00:15:43.200 The second communication type is the take-type. Ractors can yield an object as a message using the `Ractor.yield` method. The receiving Ractor can take this message using the `Ractor.take` method. In contrast to the push method, the take method specifies which Ractor to receive from. In this communication type, Ractors wait for each other, thus facilitating a cooperative communication model.
00:16:38.080 This program demonstrates creating a Ractor named R1 that initializes three integers: 0, 1, and 2. The block yields the symbol :thing, and the main Ractor can take the results of the block through the `take` method, retrieving the values 0, 1, 2 along with the block result.
00:17:33.920 The program implementation includes an outgoing port and an incoming Ractor that sends a message to another Ractor. You can connect two Ractors using outgoing and incoming ports, enabling a pipeline computation system. This implementation allows sending requests from the main Ractor to additional worker Ractors, which can run the tasks in parallel. If the outgoing port is closed, any attempt to take a message from that Ractor will result in an exception.
00:19:30.640 Multiple Ractors can take messages from one Ractor, but an individual message can only be taken by one Ractor at a time. In this scenario, the main Ractor can take a message using the push-type and take-type methods. Load balancing can also be achieved using multiple working Ractors when sending a request to a bridge Ractor.
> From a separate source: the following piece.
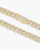 Effortless glamour, redefined. The Women’s 8mm Iced Out Cuban Set in gold glows with hand-set stones that catch the light in every move. The matching chain and bracelet feature a fully iced-out custom box clasp—bringing timeless shine with a touch of modern elegance.
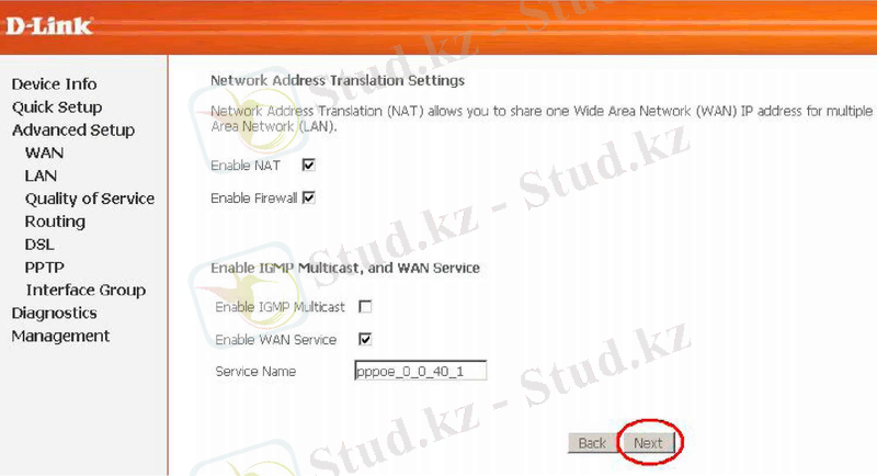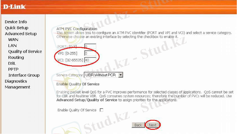 - Пайда болған бетте VPI және VCI параметрлерінің мәндерін көрсетіңіз (0 және 40 сәйкес) және «NEXT» батырмасын басыңыз.

00:20:42.240 In this instance, the received message will be processed by one of the worker Ractors. You can write a message by utilizing multiple Ractors, sending a request to the bridge Ractor for executing tasks. We can program the bridge Ractor to send requests and return results from the worker Ractors. Additionally, I want to discuss an important feature of exception propagation. If a Ractor terminates due to an exception, the taking Ractor will raise a remote error just like the Thread.join method.
00:22:43.200 This program illustrates how a Ractor named R1 raises a TypeError and when the main Ractor attempts to take from R1, it receives the remote error exception. This exception contains the reason for the failure, pinpointing where the original exception was raised. In doing so, the main Ractor can supervise other working Ractors and detect exceptions as they happen. This is essential for managing the stability of the application's execution.
00:23:53.040 In our effort to achieve object isolation between Ractors, we introduce several limitations. Non-main Ractors are restricted from using global variables, class variables, or instance variables in classes and modules. They cannot access constants if they contain unshared objects. The main Ractor remains compatible with the current Ruby 2.7. However, to support multiple Ractors, we will need to modify the application code.
00:24:39.680 While the implementation is still maturing and will display an experimental warning upon the first Ractor creation, I believe Ractor will enhance concurrent programming in Ruby by providing a means to write efficient programs with fewer thread safety concerns. Ruby 3.0 will ship with Ractors, and I hope you all enjoy the new capabilities it brings. Thank you for your attention.